The famous 2013 Oreo Superbowl tweet seems to still be making the rounds in digital marketing conferences. I find this quite amazing because its actual, real-world result was in fact quite small:
Now, I don’t want to sound like a bad case of sour grapes, so let me go just a tad beyond the 140 characters to explain why I think brands don’t belong on social media.
I think Oreo’s social media team did a great job on this one: it doesn’t look like the intern did it. Timely, funny, giving a prominent place to the product, it’s great material and it speaks volumes about the marketing chops of this $2bn subsidiary of Mondelez (a $35bn revenue business).
However, it was retweeted just short of 16k times, and favorited 6.5k times. It’s huge for any brand’s social media efforts, but it’s pretty lame by Twitter standards. In fairness, I haven’t done more than about 90 seconds of “research” on this topic, but I’m unconvinced that anyone has done much better.

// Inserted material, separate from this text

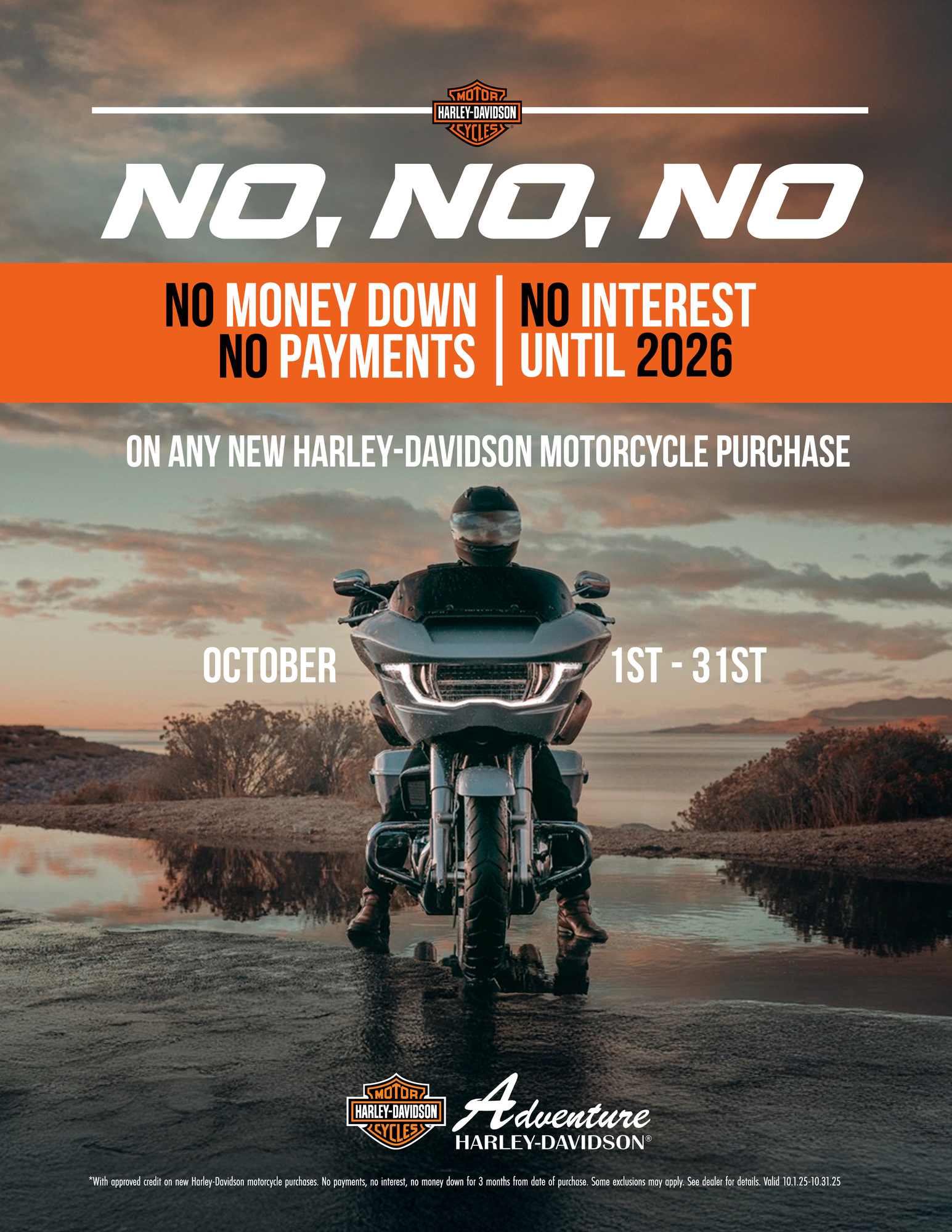 No money down, no interest and no payments until 2026 when you purchase any new Harley-Davidson motorcycle.*With approved credit on new Harley-Davidson motorcycle purchases. No payments, no interest, no money down for 3 months from date of purchase. Some exclusions may apply. See dealer for details. Valid 10.1-31.25

So… Social media is an opportunity for customer service, and that’s a challenge in itself. Social media may be interesting to source some consumer intelligence, although I doubt anyone still thinks of the data so gathered as unbiased (as opposed to, say, searches, which are simply a much greater pool with — for now — less incentive for massive deliberate skews).

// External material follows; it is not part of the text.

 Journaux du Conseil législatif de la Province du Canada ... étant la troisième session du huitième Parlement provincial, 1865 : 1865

But a tool for branding? I’m just not convinced.
Social media is a place for people to talk to people. Possibly about brands. But with brands? Brands aren’t people, my friends!
Digital thinking
A great example of digital thinking applied to real businesses in this story about the new CEO of struggling UK wine shop Majestic Wines.

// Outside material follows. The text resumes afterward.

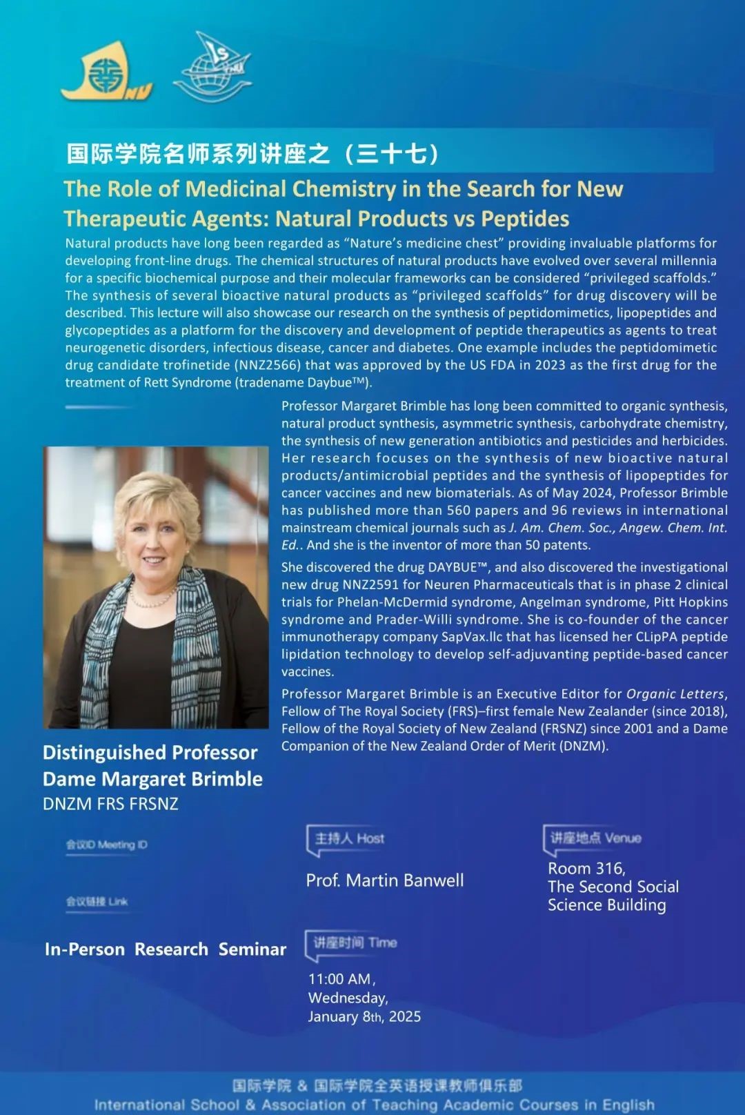 名师讲座预告 | 药物化学在寻找新治疗剂中的作用:天然产物与肽药物

They are reconsidering some of its commercial practices, such as their six-bottle minimum purchase, some staffing policies, such as the near-automatic reduction in staff when store managers quit, alongside improvements to their IT infrastructure.
This strategy is heavy on technology, with planned investments in e-commerce, CRM, and tools that will allow shop staff to better interact with visitors.
However, this demonstrates their digital approach goes beyond the purchase of digital infrastructure:
This probably won’t come as a surprise: the new CEO is founder of online retailer Naked Wines, acquired in April by Majestic.